Главное отличие послереволюционных лет от предшествующего периода заключалось в овладении массами новой политической, экономической, военной, административной терминологии. Пожалуй, никогда ранее, вплоть до 1920-х гг., русская лексическая система не претерпевала столь радикальных трансформаций как с внутренней, имманентной стороны (передвижка лексико-стилистических границ, переформирование старых лексико-семантических рядов и складывание новых), так и внешней (сложение новой социолингвистической базы). Степень воздействия, интенсивность влияния на языковую личность многих общественно-политических, экономических, социальных терминов, прежде ограниченных литературно-книжными сферами языка (литература, публицистика, пресса) и малопонятных подавляющей массе языкового социума (крестьяне, рабочие, солдаты, матросы), в послереволюционной прессе, новых учебниках, листовках, пропагандистских речах многократно выросла. Следствием этого стало активное проникновение новой или актуализированной терминологии в лексикон и прагматикон индивида. Кроме того, одним из важнейших механизмов трансляции новой терминологии массам и ее внедрения в речевой обиход являлись политические беседы, проводимые специально подготовленными людьми (в их числе были активисты, безбожники, политруки, селькоры, рабкоры) среди крестьян, солдат, рабочих. Процессы освоения общественно-политической лексики разными социальными группами (напр., солдатами Московского военного гарнизона [Шпильрейн et al. 1928], крестьянством [Шафир 1924; Селищев 1928: 210–218], рабочей молодежью [Селищев 1928: 207–209], сельскими корреспондентами [Меромский 1930]) стали популярным и новаторским объектом наблюдения и социолингвистического описания в послереволюционные годы. Для их проведения были разработаны и впервые использованы социолингвистические методики (критический анализ некоторых дан в [Винокур 1925]).
Лексические изменения в конце 1920 – первой половине 1930-х гг. (годы первой пятилетки) характеризовались увеличением «технических» заимствований из английского языка; именно в эти годы английский стал ведущим языком-источником, заметно потеснив немецкий и французский [Крысин 1968: 85–126]. Но со второй половины 1930-х гг. начался процесс массовой замены прежних иноязычных слов русскими эквивалентами в рамках усиливающейся конфронтации со всем иностранным; само понятие «иностранный» приобрело в официальной пропаганде негативные коннотации [Паперный 1985: 60–61]. Все возрастающий контроль государства над всеми сторонами жизни людей, осуществление политики языкового планирования, борьба с заимствованиями в художественной и технической литературе, введение внутренних паспортов, ограничивающих свободу перемещения по стране, система прописки – все эти факторы привели к «более медленным накоплениям в словарном составе» середины 30-х гг. [Comrie et al. 1996: 205], чем в предшествующий период.

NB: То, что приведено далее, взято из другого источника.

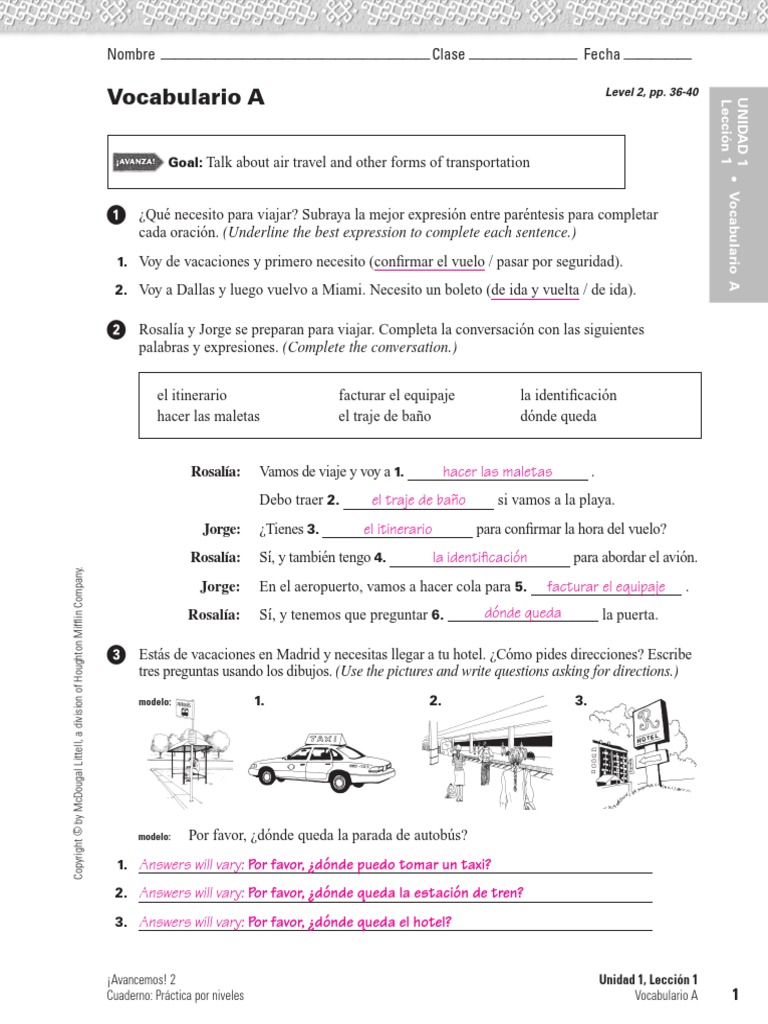 Avancemos 1 Textbook Answers Avancemos Workbook Cuaderno Niv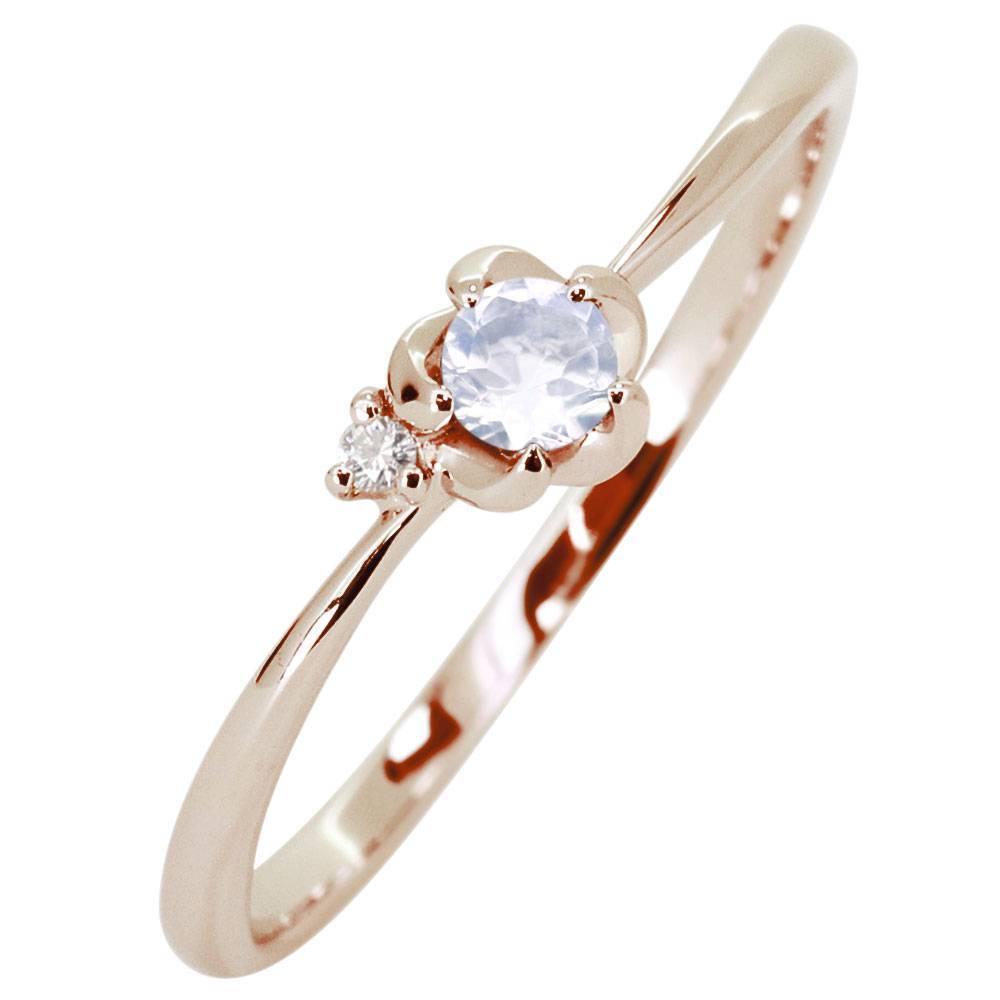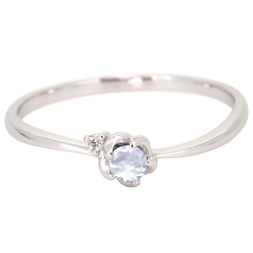 6月誕生石ロイヤルブルームーンストーンを使用した18金製の、フラワー(花)モチーフリング(指輪)です。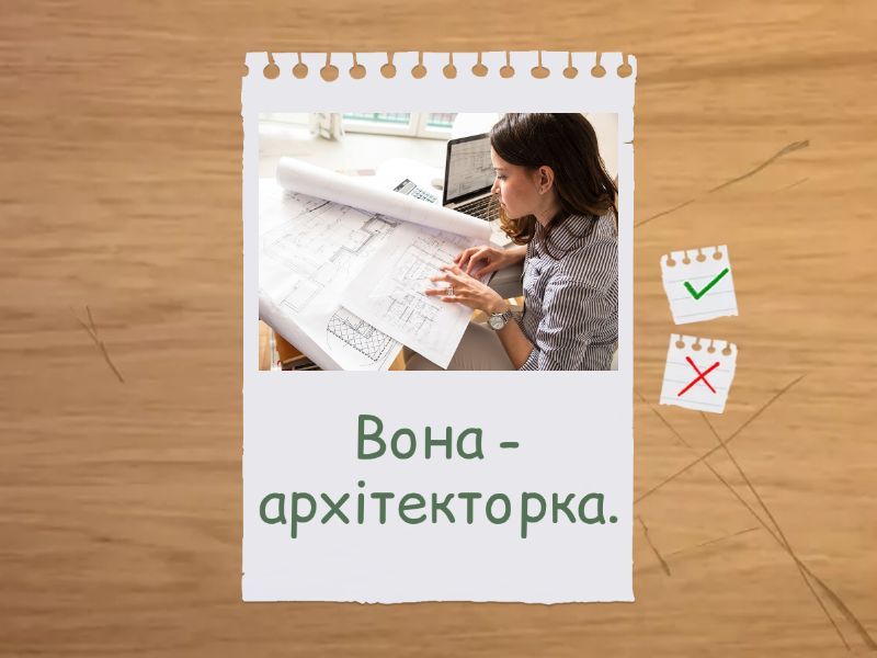 Пані Анна - лікарка. - Пані Анна працює лікаркою., Вона - вчителька. - Вона працює вчителькою., Він - актор. - Він працює актором., Моя сестра - програмістка. - Моя сестра працює програмісткою., Марта - дизайнерка. - Марта працює дизайнеркою., Мій брат - водій. - Мій брат працює водієм. , Ця дівчина - художниця. - Ця дівчина працює художницею., Він - кухар. - Він працює кухарем., Вона - архітекторка. - Вона працює архітекторкою., Вони - офіціанти. - Вони працюють офіціантами.,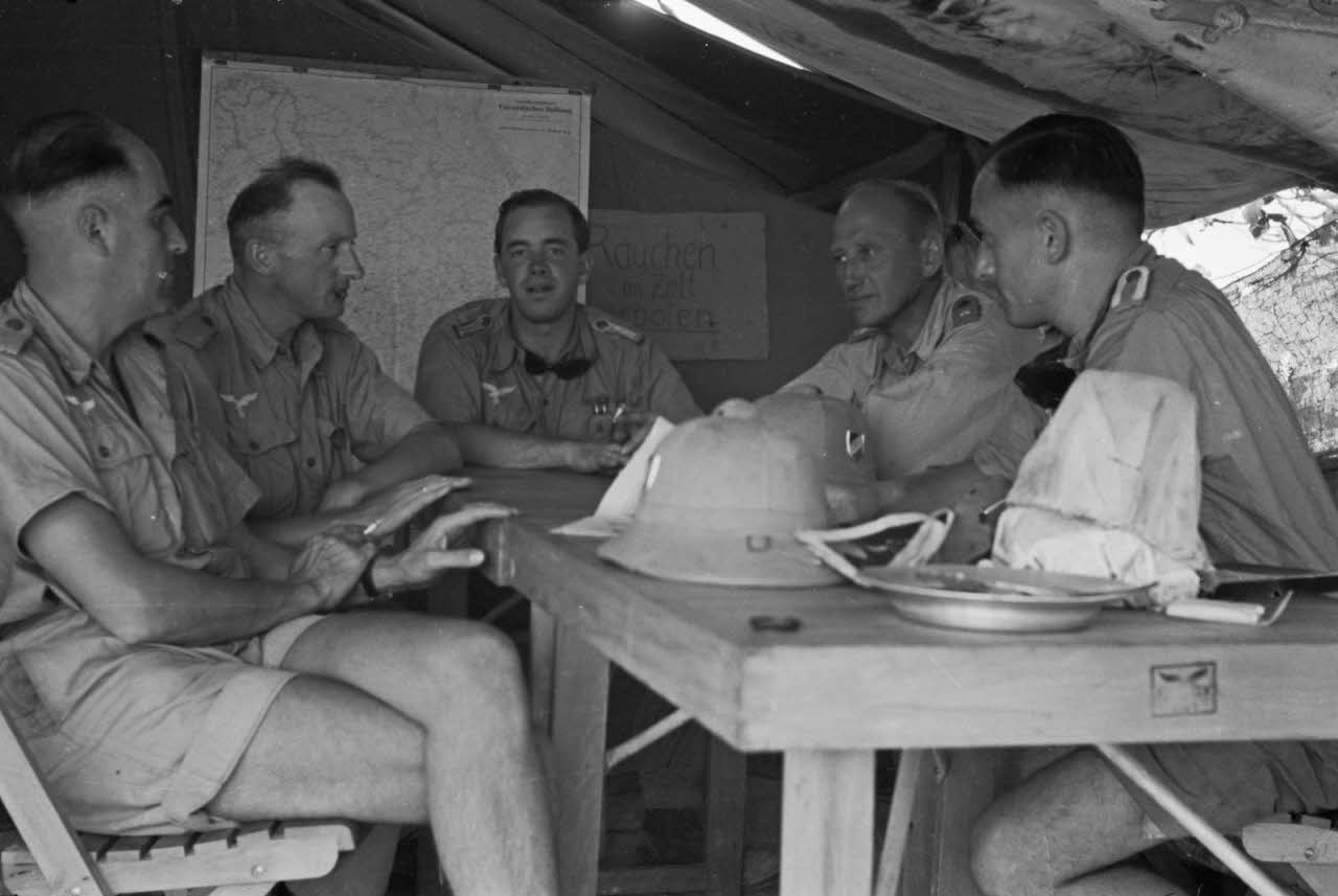 Sous une tente du 4/JG27, un groupe d'aviateur, au centre, un Sonderführer.

Социолингвистические изменения, происходившие в русском языке в советский период и в значительной степени обусловленные кардинальными социальными трансформациями, в эмигрантской разновидности языка протекали более медленными темпами. Одной из консервирующих причин являлось сохранение дореволюционных классовых и сословных различий между людьми, во многом определявших и речевые стратегии и тактики узуса. Исследователи первой волны русской эмиграции отмечали три характерные черты лексического состава эмигрантского узуса: «архаичность, иноязычность, разговорность» [ЯРЗ 2001: 111], кроме того, они констатировали также «ограниченность словаря» [РЯЗ 2001: 57; также: Грановская 1995: 55]. В принципе, в таком утверждении нет ничего необычного и удивительного: с одной стороны, эмигранты вынуждены прибегать для выражения многих понятий, обозначения реалий (особенно повседневной жизни) к иноязычным лексическим средствам ввиду отсутствия адекватного русского соответствия, с другой стороны – устная речь, как правило, может значительно отличаться как по своему лексическому наполнению, так и по грамматическим, синтаксическим конструкциям от кодифицированных форм языка (книги, публицистика, театр, учебная литература и др.). Однако нельзя сводить весь эмигрантский узус только к устно-речевым формам и судить о «бедности» языка эмигрантов или, напротив, умилительно восхищаться сохранением устаревших лексических или грамматических форм как якобы проявлением «чистоты» эмигрантского варианта русского языка в сравнении с языком метрополии, «испорченным» советским временем. Очевидно, в какой-то мере оппозитом «обедненному» речевому эмигрантскому узусу может служить язык художественной литературы, свидетельствующий о лексическом богатстве и разнообразии, развитом языковом чутье эмигрантов и мастерском использовании писателями, публицистами различных выразительных средств: метафорики, синонимии, антонимии, паронимии и др. (многочисленные примеры и комментарии приведены в [РЯЗ 2001: 119–287]).